I had been having a pretty uneventful day reading and working in my lab at the med school. When the evening rolled around, I felt a powerful desire to go into an altered state of consciousness. But how? I had some ketamine, GBL, and an assortment of research chemical tryptamines and phenethylamines. I was not in the mood for a long trip, so I was left with only two options: ketamine and GBL.
I decided to take some GBL first, so that I would be calm while administering the ketamine as an IM injection. I'd never injected myself before, but I had a friend give me an IM injection of ketamine once, and I decided from that experience that the IM method is vastly superior to insufflation (no revolting taste dripping down my throat, which I think prevents me from having an OOBE because my body is in an unpleasant, nauseous state).
Once I felt sufficiently relaxed from the GBL (metabolized to GHB), I decided to embark upon my ketamine adventure. I pulled up half a milliliter into the syringe and poked it into the meaty muscle on the top of my thigh, then injected the 50mg. Easy, no pain whatsoever! Before the effects began, I decided that I would need a higher dose to induce an OOBE, so I pulled another .2mL (20mg) into the syringe and spiked my other thigh in the same spot.
By this point, I was beginning to feel the effects coming on, so I put on a brand new CD that turned out to be perfect dissociation music, Tripswitch Circuit Breaker. I like to hear completely new music when I trip because if I listen to familiar music there is a sense of continuity of self: I know this music, I love this music! The problem is that when I do ketamine, I don’t want to be aware of my individual self, for the self obstructs any attempt to achieve true boundlessness, universal consciousness, or the oceanic experience.
Very soon after I laid down in bed, I felt myself break apart into individual molecules, then individual atoms, then subatomic particles, and I dissolved into the universe. Most of the trip was so ineffable that to attempt to put it into words would be impossible without resorting to outlandish metaphors that really would not convey in any real sense what I experienced.
At one point, however, I experienced the consciousness of one of the baby mice that I have to kill as part of my research. I was writhing about on my back, and I saw an enormous creature approach me and insert a gigantic needle into my peritoneal cavity and inject who-knows-what.
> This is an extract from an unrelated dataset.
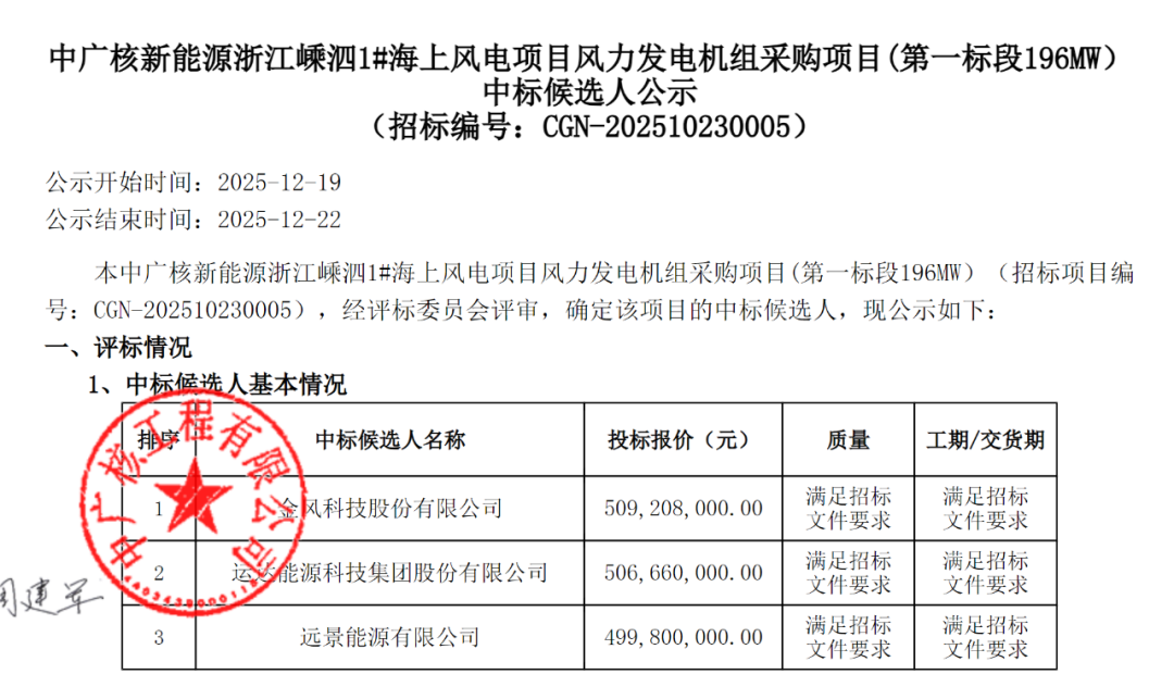 北极星风力发电网获悉,12月19日,中广核新能源浙江嵊泗1#海上风电项目风力发电机组采购项目中标候选人公示,规模共计396MW,金风科技预中标,投标总价10.3亿元。项目概况:中广核嵊泗1#海上风电项目位于浙江省舟山市嵊泗县滩浒岛南侧海域,...

I felt wronged, but the giant looked down upon me benevolently and thanked me for my martyrdom. He radiated love as he apologized for my suffering, and this eased my discomfort enough that I could fall asleep. I awoke back in my own human body, and thought that it would be nice if my supervisor could have that experience. He seems so callous about sacrificing animals for science, even monkeys, our phylogenetic brethren.
The experience continued in waves: I would fall away from attachment to my self, then return, and so on and so forth. I had been hoping to experience synesthesia with the music and to have a true Out-Of-Body-Experience, but neither of these occurred during my trip, to my disappointment.
In retrospect, the trip was not very interesting, and I doubt I would repeat it. Perhaps the GBL dulled the trip. I haven’t done enough ketamine to make a decent comparison between pure K versus K + G versus K + Deprenyl versus all three.